Reed v. Hathaway

596 F. Supp. 2d 1200, 2009 U.S. Dist. LEXIS 7890, 2009 WL 278103
CourtDistrict Court, C.D. Illinois
DecidedJanuary 30, 2009
DocketCase 08-CV-2202
StatusPublished

This text of 596 F. Supp. 2d 1200 (Reed v. Hathaway) is published on Counsel Stack Legal Research, covering District Court, C.D. Illinois primary law. Counsel Stack provides free access to over 12 million legal documents including statutes, case law, regulations, and constitutions.

Bluebook
Reed v. Hathaway, 596 F. Supp. 2d 1200, 2009 U.S. Dist. LEXIS 7890, 2009 WL 278103 (C.D. Ill. 2009).

Opinion

OPINION

MICHAEL P. McCUSKEY, Chief Judge.

Petitioner, Ronald Reed, was convicted following a jury trial in the Circuit Court of Macon County, Illinois, of possession of 400 or more grams of cocaine with the intent to distribute with a prior unlawful possession of a controlled substance conviction (720 ILCS 570/401(a)(2)(C) (West 2008)) and possession of 30 grams of cannabis (720 ILCS 550/4(b) (West 2008)). Following denial of his direct appeal and denial of Illinois Supreme Court review of his direct appeal, Petitioner initiated state court post conviction petition proceedings. The trial court dismissed his petition and the state appellate court subsequently upheld the trial court’s ruling. The Illinois Supreme Court declined to review the dismissal of the post conviction petition. On September 2, 2008, Petitioner filed in this court a Petition for Writ of Habeas Corpus Pursuant to 28 U.S.C. § 2254 By a Person in State Custody (# 1). Respondent Jody Hathaway, Warden of the Shawnee Correctional Center, filed his Response (# 11) on January 8, 2009. For the following reasons, Petitioner’s Petition for Writ of *1202 Habeas Corpus Pursuant to 28 U.S.C. § 2254(# 1) is DENIED.

BACKGROUND

Procedural History

Petitioner was charged with (1) unlawful possession of a controlled substance with intent to deliver with a prior unlawful possession of a controlled substance conviction; (2) unlawful possession of a controlled substance with a prior unlawful possession of a controlled substance conviction; (8) unlawful possession of cannabis with intent to deliver; and (4) unlawful possession of cannabis with a prior unlawful possession of a controlled substance conviction. Petitioner’s case proceeded to trial in 2003, but the trial court was forced to declare a mistrial because the jury was deadlocked. Petitioner was convicted following a second trial on April 7, 2004, of possession of 400 grams or more of cocaine with intent to distribute with a prior unlawful possession of a controlled substance conviction and possession of 30 grams of cannabis. Petitioner was sentenced to 18 years on the cocaine charge and 5 years on the cannabis charge, to be served concurrently.

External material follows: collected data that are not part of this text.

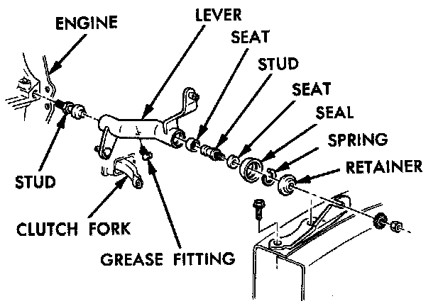 6. Support the clutch pedal upward against the bumper stop to release the pawl from the detent. Attach the other end of the cable to the clutch release lever.
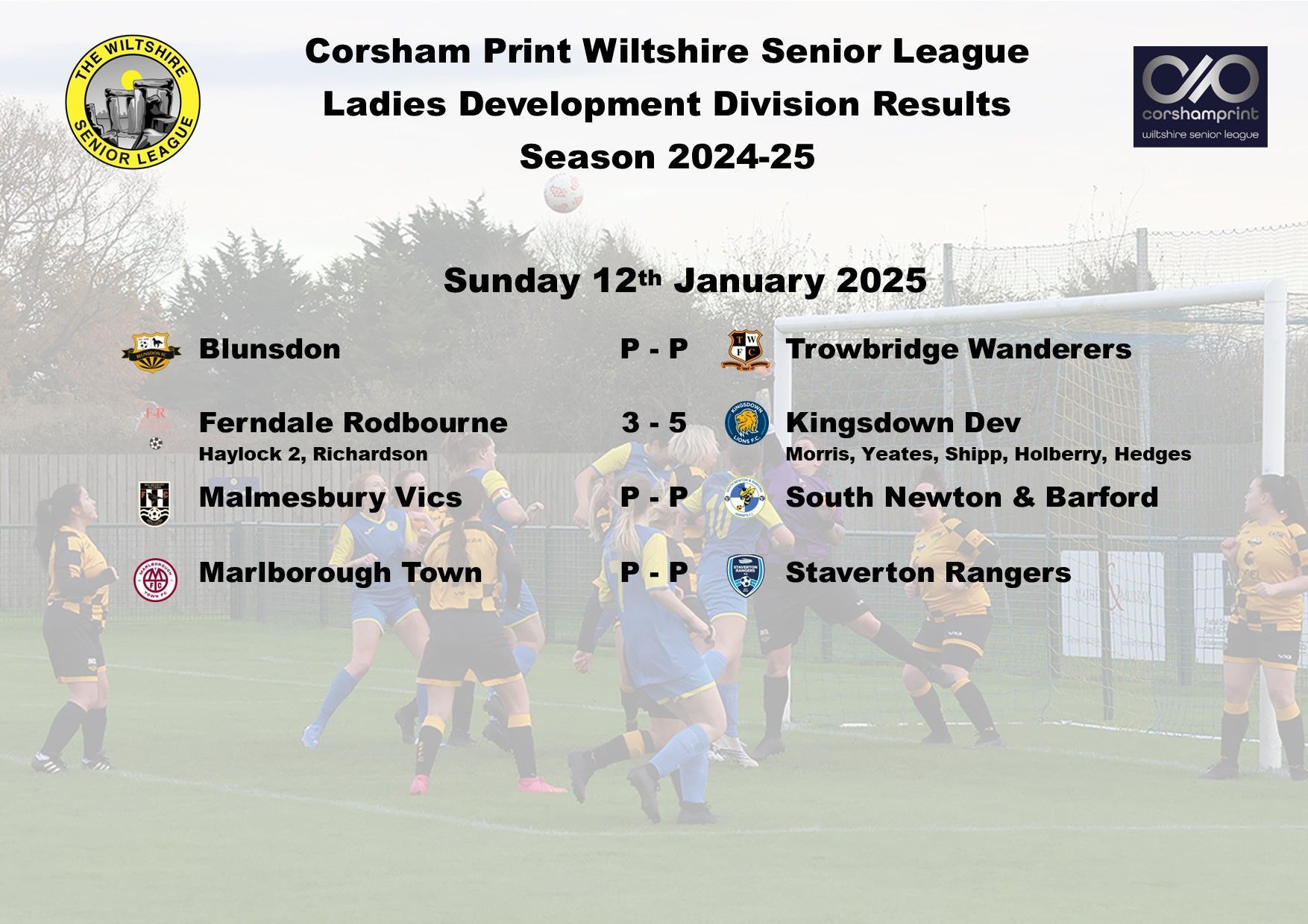 Just three of the four scheduled games in the Ladies Premier Division of the Corsham Print Wiltshire Senior League went ahead last Sunday, with the top three side all securing a win as they continued to dominate the division.
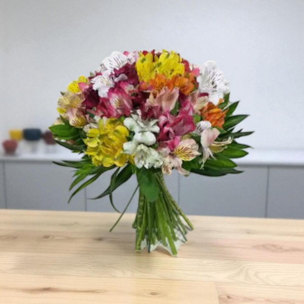 Este lindo buquê é composto por 30 unidades de delicadas astromélias cuidadosamente dispostas em uma elegante embalagem. Para finalizar com um toque especial, inclui um sofisticado laço. Perfeito para emocionar alguém especial em qualquer ocasião.
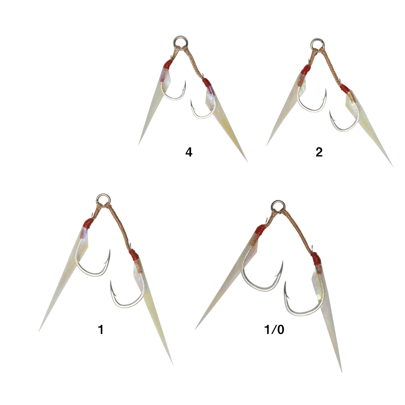 魚はいるけどジグでは喰わせきれない。そんな時はシラスにシルエットを合わせた魚皮アシストの出番。タフコンディション時の喰わせの切り札としてアミコマセに付いた激戦区の小型回遊魚にも効果絶大。豊富なラインナップでサバ、シオ、ソーダカツオ、ハマチまでライトショアジギングシーン完全対応のアシストフックです。
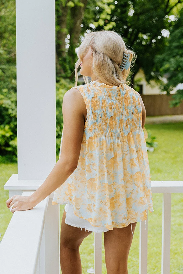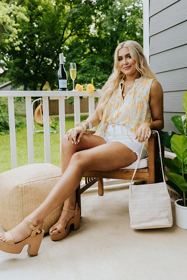 You deserve flowers and a new addition to your wardrobe…and we have the perfect piece! This adorable light blue hued shift top features lightweight breezy material patterned with a golden honey colored floral print, a v-cut neckline with a subtle ruffled tie closure collar, wide sleeveless shoulder straps, and a relaxed silhouette that falls into a rounded hemline!
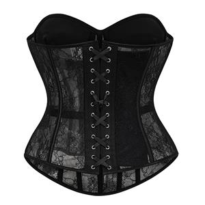 This elegant strapless corset features a heart-shaped bust design with internal boning for optimal shaping. The delicate lace and mesh construction offers a sensual look, while the back lace-up closure ensures a customizable fit. Perfect for creating a vintage silhouette or layering under outfits.
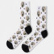 Cute custom dog photo and paw print pattern socks featuring your dog's photo and a paw print pattern set against a white background. Simple to customise by adding your dog's photo and using the "adjust" feature to crop and centre your photo, the background colour can also be changed if preferred.

Petitioner filed his direct appeal with the Illinois Fourth District Appellate Court. On direct appeal, the sole issue raised by Petitioner was that the trial court erred at his second trial when it allowed the State to read into the record at trial testimony from a witness at Petitioner’s first trial. The State claimed that it could not locate the witness, and thus the witness was unavailable for trial, but because he had testified at the first trial, there had been an opportunity for cross examination. The Fourth District Appellate Court agreed with the State, and affirmed Petitioner’s conviction. People v. Reed, No. 4-04-0505 (unpublished Rule 23 Order, Jan. 12, 2006). Petitioner filed a Petition for Leave to Appeal (PLA) with the Illinois Supreme Court. In the PLA Petitioner argued that the Fourth District Appellate Court applied an incorrect standard of review to the trial judge’s ruling on whether to allow the transcript of witness testimony from the first trial to be read in the second trial because the witness was unavailable. Petitioner also argued that on the uncontested facts of the case, the State’s efforts to locate its witness were insufficient to deny Petitioner his right to confront that witness in front of the jury. The Illinois Supreme Court denied the PLA. Petitioner then had different counsel file an “Emergency Motion to File Appearance as Additional Counsel and to File Supplemental Petition for Leave to Appeal,” which specifically raises the issue: “Defendant’s constitutional right of confrontation was denied when the trial court held the witness was unavailable and the authorities made a reasonable to locate the witness where actually the State’s search was deficient.” The Illinois Supreme Court denied this Emergency Motion as well.

Petitioner later filed a post conviction petition in the Macon County circuit court alleging ineffective assistance of counsel because Petitioner’s trial counsel did not cross examine the State or present evidence showing that the State’s efforts to locate the unavailable witness were not reasonable. The post conviction petition also alleged that one of the witnesses who testified against Petitioner at the second trial, Jason Young, falsely testified that he had not made a deal for a lesser sentence in return for his testimony against Petitioner. Petitioner alleged that Young had indeed received a lesser sentence in exchange for his testimony. The trial court dismissed the post conviction petition, finding that the claim regarding ineffective assistance of counsel with regard to the *1203 unavailable witness was barred by res judicata, as it was the issue raised on direct appeal. Petitioner’s other argument, concerning the testimony of Jason Young, was similarly rejected as being frivolous and patently without merit. Petitioner’s appeal to the Fourth District Appellate Court and PLA to the Illinois Supreme Court were likewise rejected.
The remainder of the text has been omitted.